* _Data_:
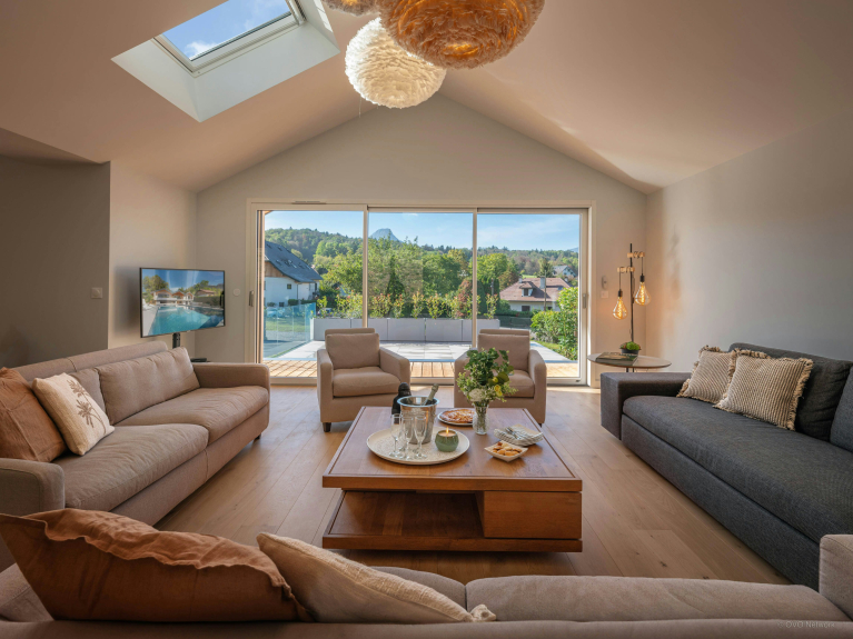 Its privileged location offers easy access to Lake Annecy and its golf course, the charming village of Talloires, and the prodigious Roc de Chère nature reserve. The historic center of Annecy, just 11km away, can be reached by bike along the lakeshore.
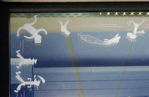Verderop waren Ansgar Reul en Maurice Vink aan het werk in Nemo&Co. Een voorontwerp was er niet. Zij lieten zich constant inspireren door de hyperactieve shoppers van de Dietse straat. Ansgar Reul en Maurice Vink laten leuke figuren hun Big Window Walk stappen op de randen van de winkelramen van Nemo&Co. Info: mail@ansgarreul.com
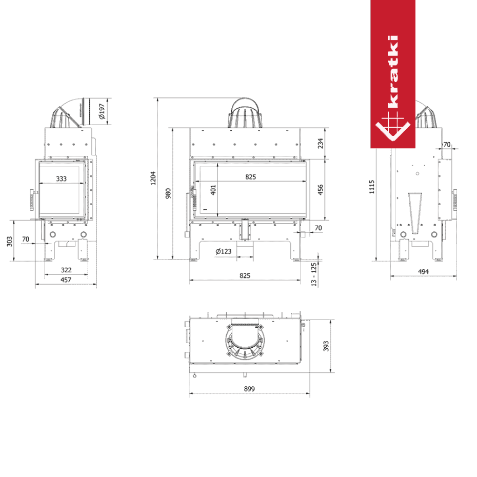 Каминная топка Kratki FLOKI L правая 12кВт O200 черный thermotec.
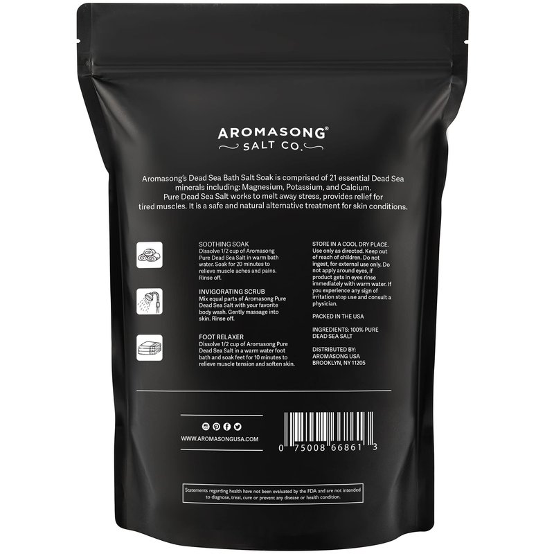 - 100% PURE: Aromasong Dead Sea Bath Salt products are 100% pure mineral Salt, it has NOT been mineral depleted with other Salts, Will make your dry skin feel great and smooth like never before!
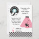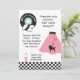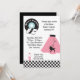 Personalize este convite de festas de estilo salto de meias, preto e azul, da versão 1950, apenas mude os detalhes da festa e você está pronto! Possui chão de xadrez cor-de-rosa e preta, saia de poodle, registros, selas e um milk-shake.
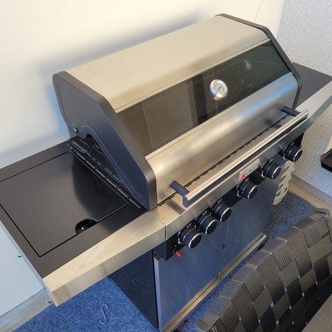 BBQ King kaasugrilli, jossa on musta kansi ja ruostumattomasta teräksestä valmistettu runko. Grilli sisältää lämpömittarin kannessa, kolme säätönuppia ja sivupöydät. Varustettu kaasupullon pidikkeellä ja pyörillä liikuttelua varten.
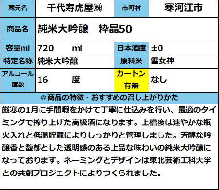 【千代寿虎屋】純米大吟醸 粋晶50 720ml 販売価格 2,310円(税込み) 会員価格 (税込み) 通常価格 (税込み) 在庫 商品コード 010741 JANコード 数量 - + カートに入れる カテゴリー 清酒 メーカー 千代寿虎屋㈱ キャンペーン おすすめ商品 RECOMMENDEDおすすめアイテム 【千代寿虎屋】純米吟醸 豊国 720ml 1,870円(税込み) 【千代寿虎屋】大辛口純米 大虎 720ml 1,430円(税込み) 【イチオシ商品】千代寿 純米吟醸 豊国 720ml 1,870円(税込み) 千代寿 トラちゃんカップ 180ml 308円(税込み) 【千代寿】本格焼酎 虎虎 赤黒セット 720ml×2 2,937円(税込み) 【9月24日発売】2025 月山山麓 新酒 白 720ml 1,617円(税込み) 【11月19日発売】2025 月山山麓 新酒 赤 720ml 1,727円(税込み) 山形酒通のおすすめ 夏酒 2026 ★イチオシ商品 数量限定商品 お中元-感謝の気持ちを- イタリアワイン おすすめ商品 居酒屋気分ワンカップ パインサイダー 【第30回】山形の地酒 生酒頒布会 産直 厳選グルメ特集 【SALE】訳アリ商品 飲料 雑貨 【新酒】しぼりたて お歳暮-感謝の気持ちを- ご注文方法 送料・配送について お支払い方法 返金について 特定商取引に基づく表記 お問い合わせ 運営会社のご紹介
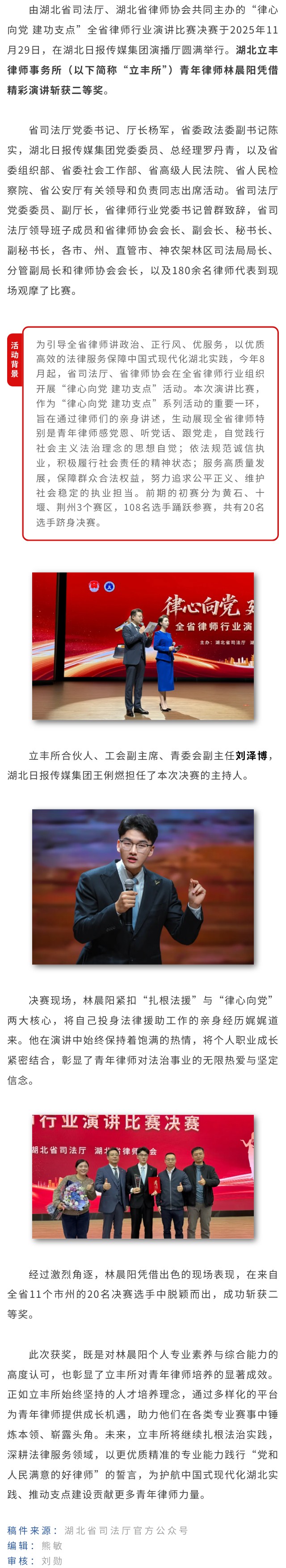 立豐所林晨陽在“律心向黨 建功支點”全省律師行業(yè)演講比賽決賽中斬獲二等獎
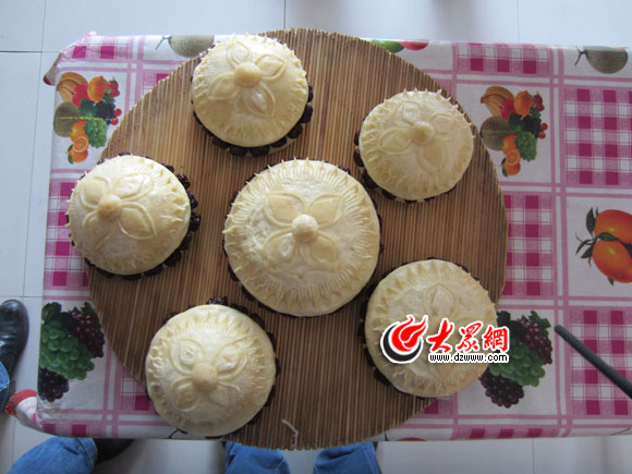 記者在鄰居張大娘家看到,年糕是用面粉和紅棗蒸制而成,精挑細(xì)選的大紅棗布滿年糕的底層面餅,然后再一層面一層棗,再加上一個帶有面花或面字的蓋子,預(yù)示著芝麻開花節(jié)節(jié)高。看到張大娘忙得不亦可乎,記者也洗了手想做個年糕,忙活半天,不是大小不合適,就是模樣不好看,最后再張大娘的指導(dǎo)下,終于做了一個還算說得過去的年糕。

==

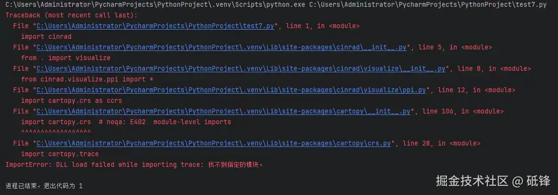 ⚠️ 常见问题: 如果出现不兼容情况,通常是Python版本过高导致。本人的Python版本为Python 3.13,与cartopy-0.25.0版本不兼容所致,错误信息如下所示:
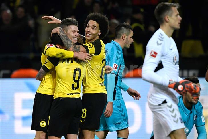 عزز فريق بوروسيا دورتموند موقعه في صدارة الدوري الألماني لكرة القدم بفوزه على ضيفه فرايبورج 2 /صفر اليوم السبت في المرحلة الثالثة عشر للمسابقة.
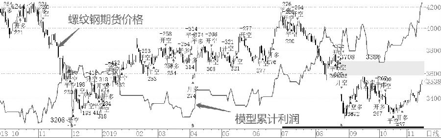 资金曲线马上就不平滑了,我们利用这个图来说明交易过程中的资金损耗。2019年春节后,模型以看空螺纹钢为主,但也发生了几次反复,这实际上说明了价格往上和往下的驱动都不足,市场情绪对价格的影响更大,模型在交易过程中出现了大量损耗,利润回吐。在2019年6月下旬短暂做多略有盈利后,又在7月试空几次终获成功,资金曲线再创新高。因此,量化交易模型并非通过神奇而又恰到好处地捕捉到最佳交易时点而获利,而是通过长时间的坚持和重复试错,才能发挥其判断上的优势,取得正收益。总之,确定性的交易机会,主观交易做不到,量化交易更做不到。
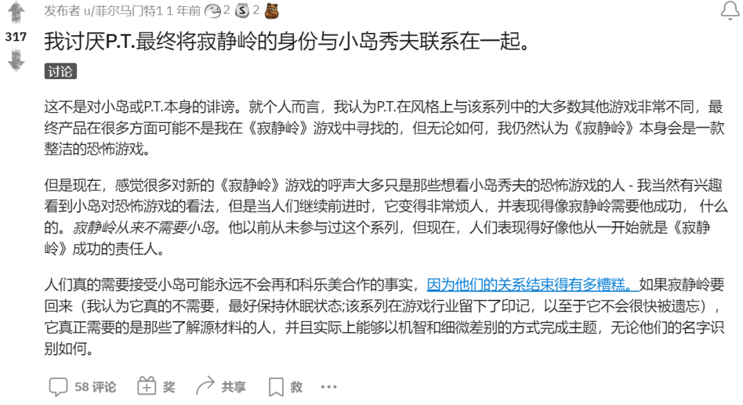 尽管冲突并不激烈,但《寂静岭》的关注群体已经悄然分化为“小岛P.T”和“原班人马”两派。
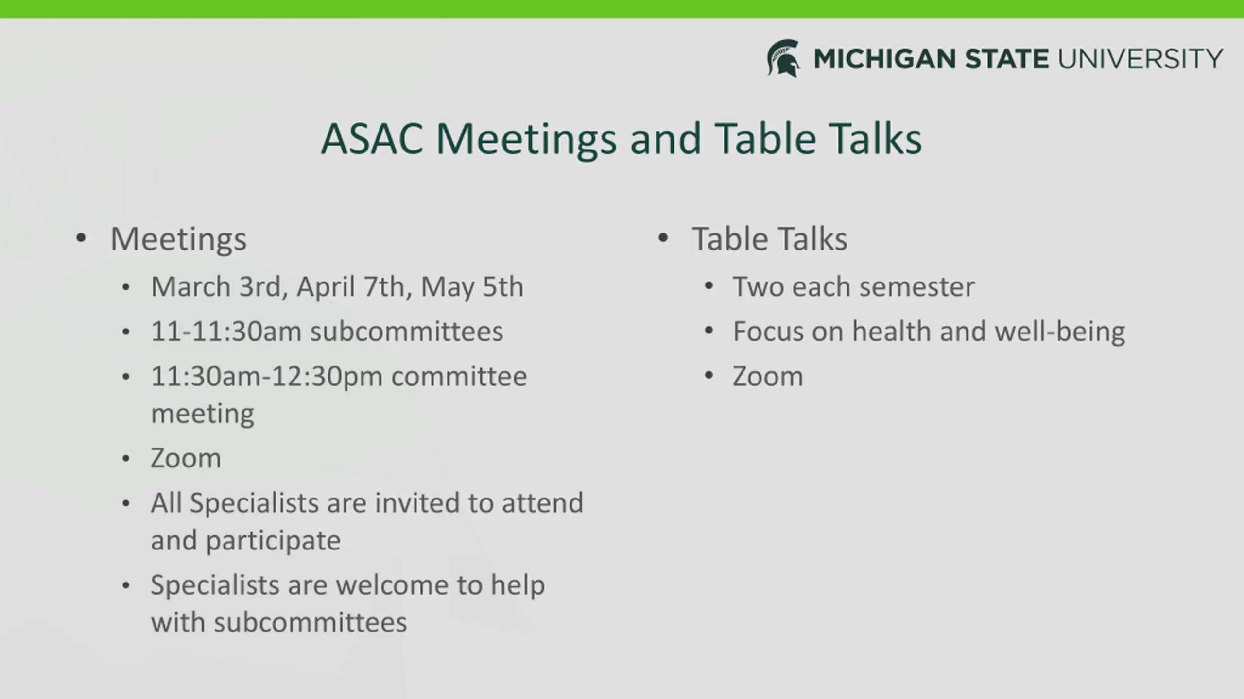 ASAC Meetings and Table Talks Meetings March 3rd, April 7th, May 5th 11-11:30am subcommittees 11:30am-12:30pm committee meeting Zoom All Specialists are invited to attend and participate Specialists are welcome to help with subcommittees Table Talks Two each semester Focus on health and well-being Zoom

* _Problem statement_: Write out word for word the lines of the listing above from the line with "资金曲线马上就不平滑了,我们" to the line with "ASAC Meetings and", taking in both of those lines but no pictures.

* _Output_:
 资金曲线马上就不平滑了,我们利用这个图来说明交易过程中的资金损耗。2019年春节后,模型以看空螺纹钢为主,但也发生了几次反复,这实际上说明了价格往上和往下的驱动都不足,市场情绪对价格的影响更大,模型在交易过程中出现了大量损耗,利润回吐。在2019年6月下旬短暂做多略有盈利后,又在7月试空几次终获成功,资金曲线再创新高。因此,量化交易模型并非通过神奇而又恰到好处地捕捉到最佳交易时点而获利,而是通过长时间的坚持和重复试错,才能发挥其判断上的优势,取得正收益。总之,确定性的交易机会,主观交易做不到,量化交易更做不到。
 尽管冲突并不激烈,但《寂静岭》的关注群体已经悄然分化为“小岛P.T”和“原班人马”两派。
 ASAC Meetings and Table Talks Meetings March 3rd, April 7th, May 5th 11-11:30am subcommittees 11:30am-12:30pm committee meeting Zoom All Specialists are invited to attend and participate Specialists are welcome to help with subcommittees Table Talks Two each semester Focus on health and well-being Zoom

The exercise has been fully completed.